Im pretty new to home audio however my bro and I are looking to compliment his 65" HDMI RP tv!  

being as he just got a job at best buy, hes looking at a decked out klipsch system which he can get for painfully cheap. However, me being the DIYist, ive been looking at other methods.

well i recently stumbled across a photo of an open baffle setup that i love the look/style of. However im not really sure of the driver requried for this to work and what parameters are needed for it to be effective...

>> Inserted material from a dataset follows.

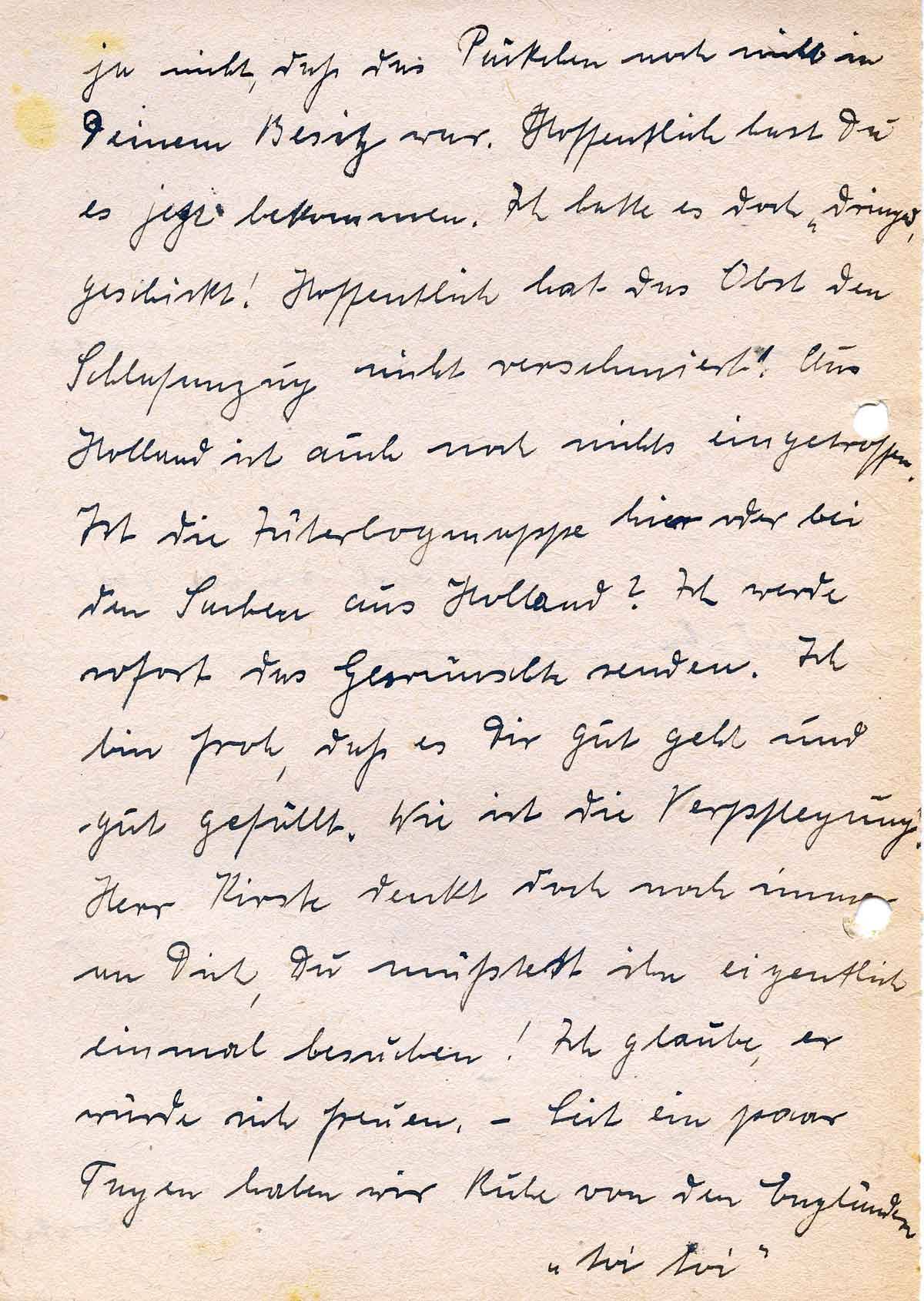ja nicht, daß das Päckchen noch nicht in Deinem Besitz war. Hoffentlich hast Du es jetzt bekommen. Ich hatte es doch „Dringend“ geschickt! Hoffentlich hat das Obst den Schlafanzug nicht verschmiert! Aus Holland ist auch noch nichts eingetroffen. Ist die Jüterbogmappe hier oder bei den Sachen aus Holland? Ich werde sofort das Gewünschte senden. Ich bin froh, daß es Dir gut geht und gut gefällt. Wie ist die Verpflegung? Herr Kirste denkt doch noch immer an Dich, Du müßtest ihn eigentlich einmal besuchen! Ich glaube, er würde sich freuen. – Seit ein paar Tagen haben wir Ruhe von den Engländern „toi toi“

also, are there any negative effects to operating open baffle? i would assume effects on low end extension and power handlings, but anything else i should be prepared for?


----------



## |Tch0rT| (May 7, 2005)

Those are variants of the Linkwitz Orion's. http://www.linkwitzlab.com/orion_us.htm 3 way active, Seas Millenium tweets, Seas 7" Excel mids, and Peerless 10" XLS for the bass. You're looking at around $1700+ just for the drivers alone... http://www.madisound.com/catalog/advanced_search_result.php?keywords=orion&x=0&y=0

If I remember correctly that photo might even be DIY's from AJinFL (I think that's his nick) from this forum.

Ryan


----------



## ///Audience (Jan 31, 2007)

|Tch0rT| said:


> even be DIY's from AJinFL (I think that's his nick) from this forum.
> 
> Ryan


It is from him!

and im not looking at that specific driver configuration per say, but rather what qualities qualify a driver to run open baffle.


----------



## havok20222 (Sep 5, 2007)

First question is this. Do you work at a store with a Magnolia or not? If it's Klipsch Synergy I wouldn't even waste your time. It's pretty junky by comparison even to the reference stuff. If you DO work at a store with mag, also look at DefTech and Vienna. Logans are probably more than you may want to pay, but are great as well.


----------



## Neil (Dec 9, 2005)

BassBaller5 said:


> also, are there any negative effects to operating open baffle? i would assume effects on low end extension and power handlings, but anything else i should be prepared for?


Those are the big ones and rather detrimental if reference level HT is what you're after. For home audio and just casual HT, you should be fine.

Generally speaking, higher Q drivers tend to work better OB. But anything is workable with the right crossover or EQ work, which is the big question to me....will you be designing this from beginning to end and will it be passive or active?


----------



## ///Audience (Jan 31, 2007)

Thanks guys, thats what i was looking for. 

O and yes they do carry the Synergy, yet he can order the Reference IV (an RF-62) for 200 a piece!


----------



## kappa546 (Apr 11, 2005)

i wouldn't start with an OB speaker as my first ht project


----------